In the end what happened to Twin Cities Runoff was that I was offered a job in something I was interested in, with more security, a steady paycheck and a large amount of creative control. We didn’t get tired of publishing stories, or run out of ideas. (I did, however, run out of money and weren’t ready to take the next fundraising steps to make TCR more sustainable. And writers, checks are coming.) We were teeming with ideas and talent. We all still are; we’re just putting them in other places and making a living.
Writers, launch your own projects. If you have balls, a good product and a lotta luck, maybe they’ll turn into something big, or maybe you’ll get a better job offer. Stop taking classes.
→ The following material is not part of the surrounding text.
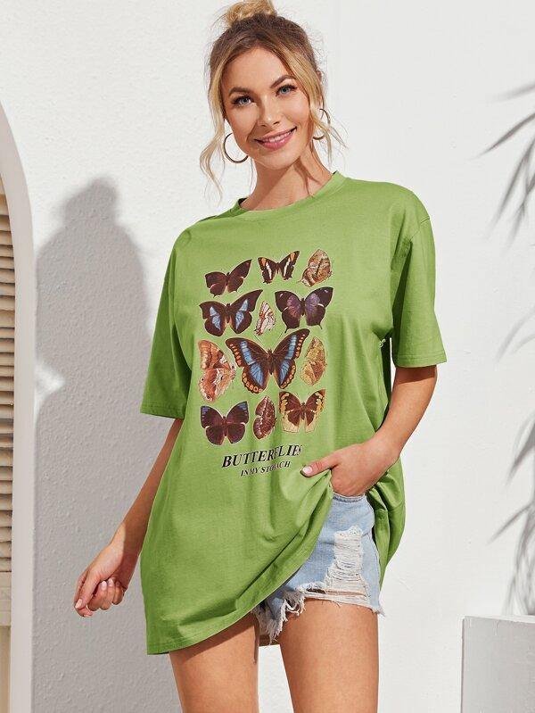 Butterfly And Slogan Graphic Oversized Tee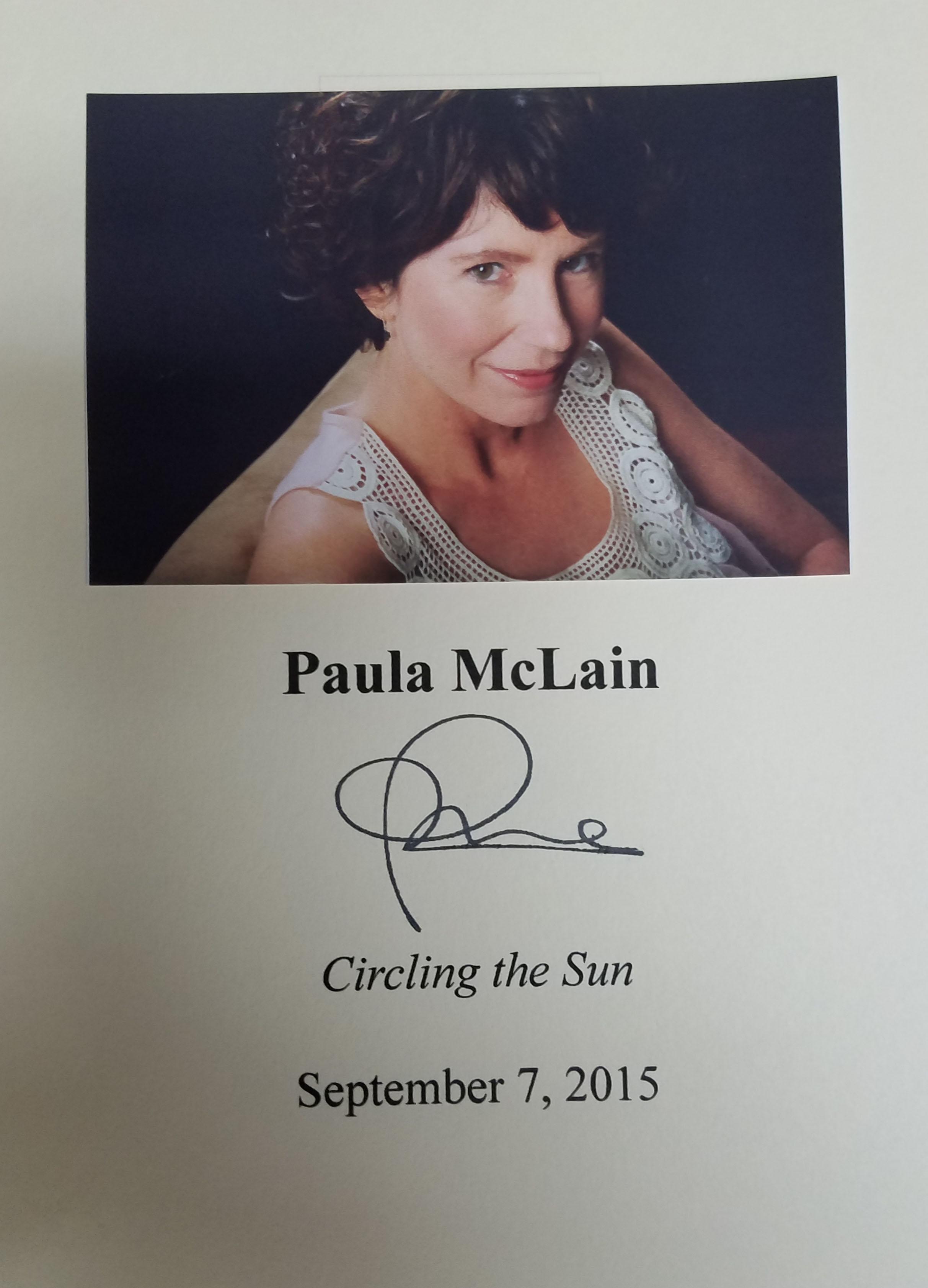 PAULA MCLAIN (pictured below from our Wall of Fame) is a best-selling author and poet. She has received two important fellowships. Thank you Paula McLain for signing our books.

Don’t enter contests. Just write, preferably about something beyond your love life or how hard it is to be an adult. Tell the stories in your neighborhood. Ask questions about everything you see, and ask a lot of them out loud. Write nuanced, complex, multi-sourced pitches. Be obnoxious about your sentences. Keep your eyes open, and don’t write for free. If an editorial staff is seeking submissions, ask whether they pay their writers. It’s important that they say yes. It’s important that writers and editors and organizers get compensated for the work they do. The systems that allow writers to make a living writing will only stay sustainable if you, as writers and readers, force them to, so subscribe to publications you like, and donate the amounts that you’re able to donate to the nonprofit ones.
I hope that everyone who worked with us winds up amazingly employed–lots of our volunteers and writers are already! — because they are truly the best in the Cities. Any name attached to this website I’d recommend in a heartbeat.
And in the meantime: please support your local writing and arts institutions–particularly the ones that make an effort to pay their writers a fair wage.
And read the archives.
We did a great thing, and I sincerely wish it had lasted longer. It’s not you, it’s me. One day we’ll do everything we want to do, and we’re already halfway there.